[Opening Material to process section]

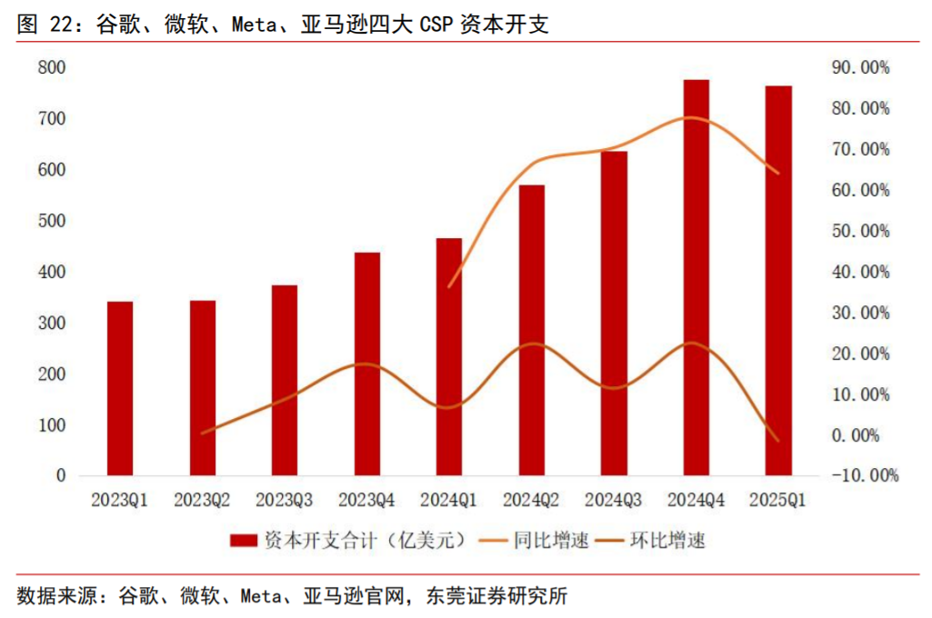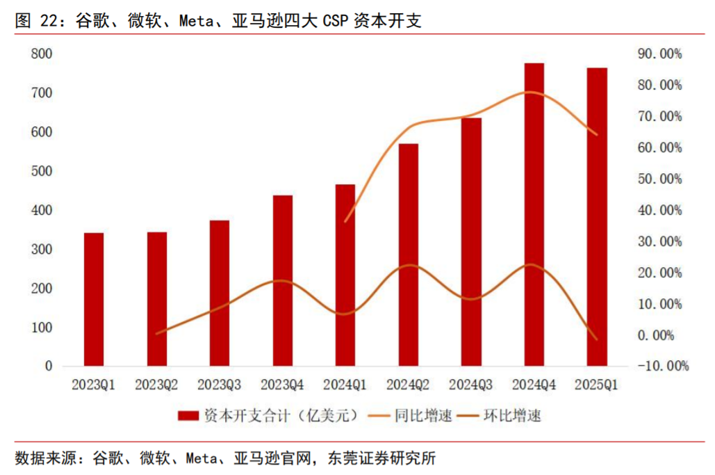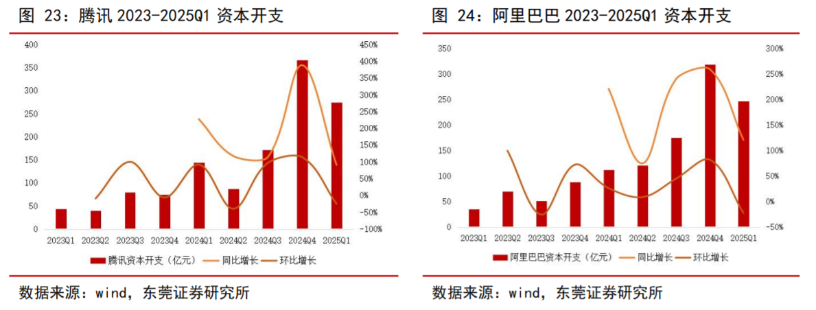 国内方面,腾讯在Q1业绩说明会上指出,AI显著赋能广告、游戏、云计算等核心业务线条,Q1资本开支约为275亿元,同比大增91%,主要用于GPU和服务器投资。阿里Q1AI相关产品收入连续七个季度实现三位数的同比增长,并且指引阿里云营收会持续加速增长,Q1资本开支约为246亿元,同比增长121%。今年2月,阿里宣布2025-2027年将投入超过3,800亿元人民币,用于建设云和AI硬件基础设施,总额超过去十年总和。
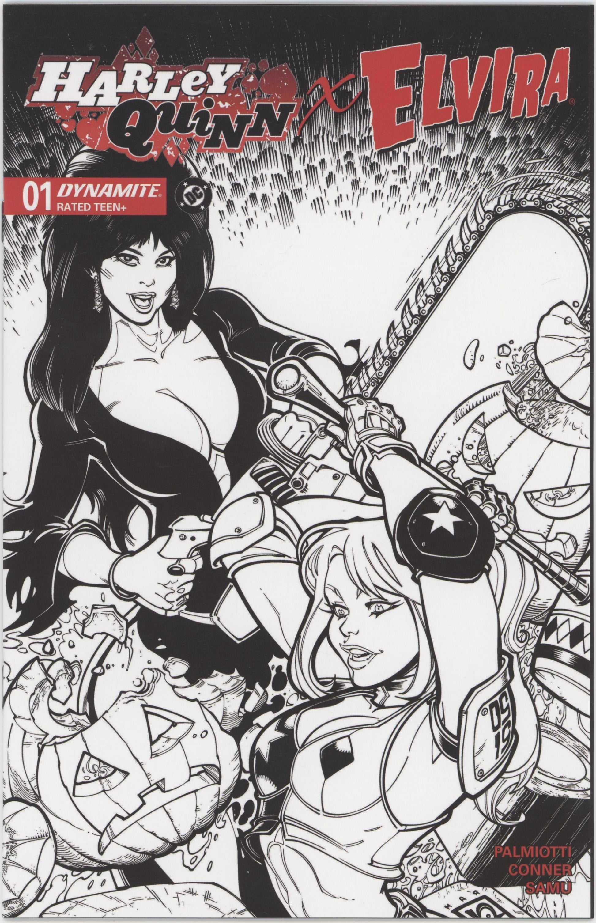 Limited 1 for 10 Retailer Incentive Variant Cover. (W) Amanda Conner, Jimmy Palmiotti (A) Amanda Conner, Juan Samu (CA) Chad Hardin THE MISTRESS OF THE DARK MEETS DADDY'S LITTLE MONSTER! What happens when the Clown Princess of Crime gets bored? Shenanigans, hijinks, grievous bodily harm… the possibilities are endless! Now add in a certain macabre-minded TV host who seems to attract trouble like crypts attract vampires, and the stage is set for the greatest team-up since Frankenstein met his Bride! With her beloved show on the chopping block following a corporate takeover, Elvira needs to come up with a plan to get things back in the black - and her new friend Harley Quinn has an idea that's just crazy enough to work! Together, they're going to throw the greatest Halloween party Brooklyn has ever seen - whether the borough likes it or not! Written by AMANDA CONNER and JIMMY PALMIOTTI - the world-famous tag-team of all things Harley Quinn - this crossover event for the ages from Dynamite and DC Comics also showcases Amanda's fan-favorite artistic chops, with each issue featuring two (count 'em, two) Conner covers. And that's not all (certainly not!) - she's also joining interior artist (and Elvira favorite) JUAN SAMU to provide selected story pages for the series! But wait, there's more! This premier issue also includes darkly captivating covers from JOSEPH MICHAEL LINSNER, CHAD HARDIN, BEN CALDWELL, and best-selling Mark Spears Monsters creator MARK SPEARS! Full Color, 32 pages, Rated Teen.
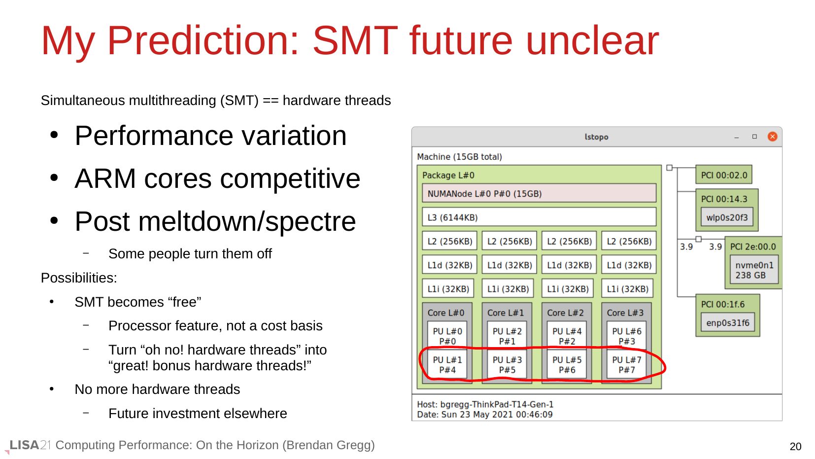 My Prediction: SMT future unclear Simultaneous multithreading (SMT) == hardware threads Performance variation ARM cores competitive Post meltdown/spectre Some people turn them off Possibilities: SMT becomes “free” Processor feature, not a cost basis Turn “oh no! hardware threads” into “great! bonus hardware threads!” No more hardware threads Future investment elsewhere Computing Performance: On the Horizon (Brendan Gregg)slide 21:
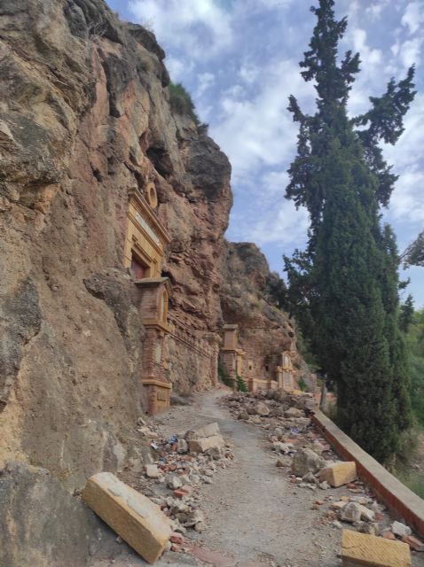La Fuente Santa de la Virgen se encuentra a escasos metros bajo la Cueva de la Cómica, cuyos derrumbes sufridos hace unas semanas también fueron denunciados por Huermur ante la Dirección General de Patrimonio Cultural, sin que hasta la fecha hayan tenido solución.
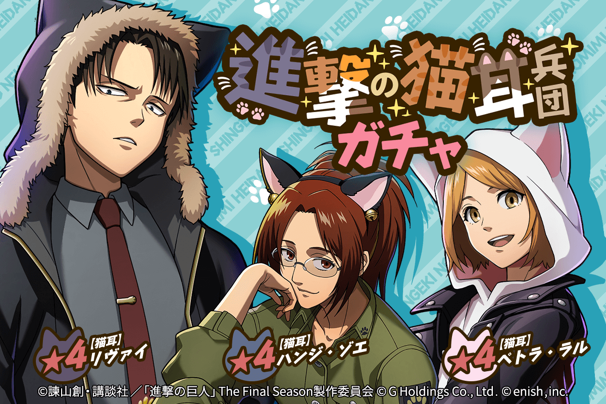 ・新登場の【猫耳】リヴァイ/【猫耳】ペトラ・ラル/【猫耳】ハンジ・ゾエ」がピックアップされたガチャ。
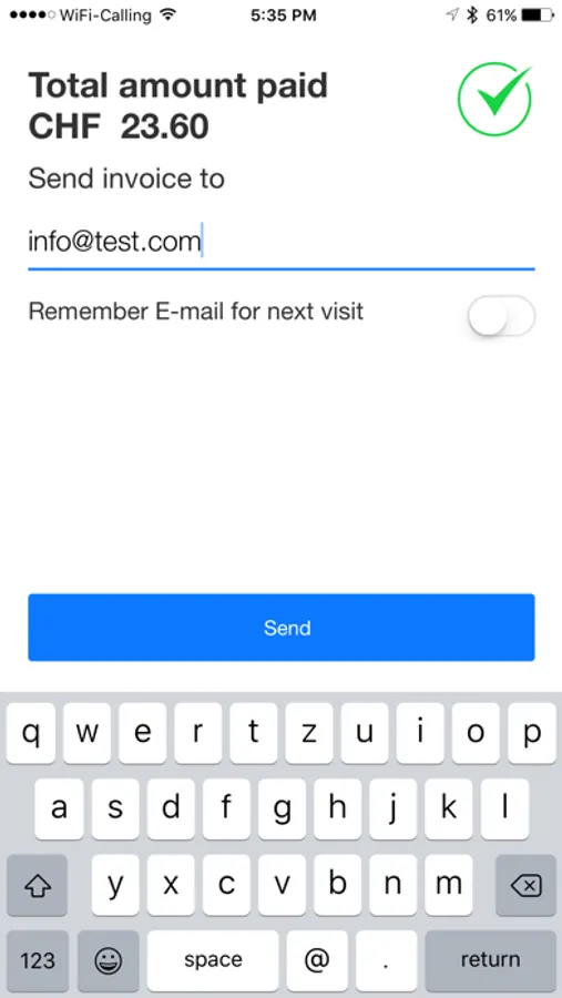 After the checkout the client can enter her email address directly on the display in order to receive a digital version of the invoice. The advantage for merchants is that the client display cannot only display information but also be used as input device.

[Closing Material to process section]

Task instructions>
Extract only the lines from the line containing "My Prediction: SMT" through the final line of the records; keep both ends and drop every picture.

Task answer>
 My Prediction: SMT future unclear Simultaneous multithreading (SMT) == hardware threads Performance variation ARM cores competitive Post meltdown/spectre Some people turn them off Possibilities: SMT becomes “free” Processor feature, not a cost basis Turn “oh no! hardware threads” into “great! bonus hardware threads!” No more hardware threads Future investment elsewhere Computing Performance: On the Horizon (Brendan Gregg)slide 21:
La Fuente Santa de la Virgen se encuentra a escasos metros bajo la Cueva de la Cómica, cuyos derrumbes sufridos hace unas semanas también fueron denunciados por Huermur ante la Dirección General de Patrimonio Cultural, sin que hasta la fecha hayan tenido solución.
 ・新登場の【猫耳】リヴァイ/【猫耳】ペトラ・ラル/【猫耳】ハンジ・ゾエ」がピックアップされたガチャ。
 After the checkout the client can enter her email address directly on the display in order to receive a digital version of the invoice. The advantage for merchants is that the client display cannot only display information but also be used as input device.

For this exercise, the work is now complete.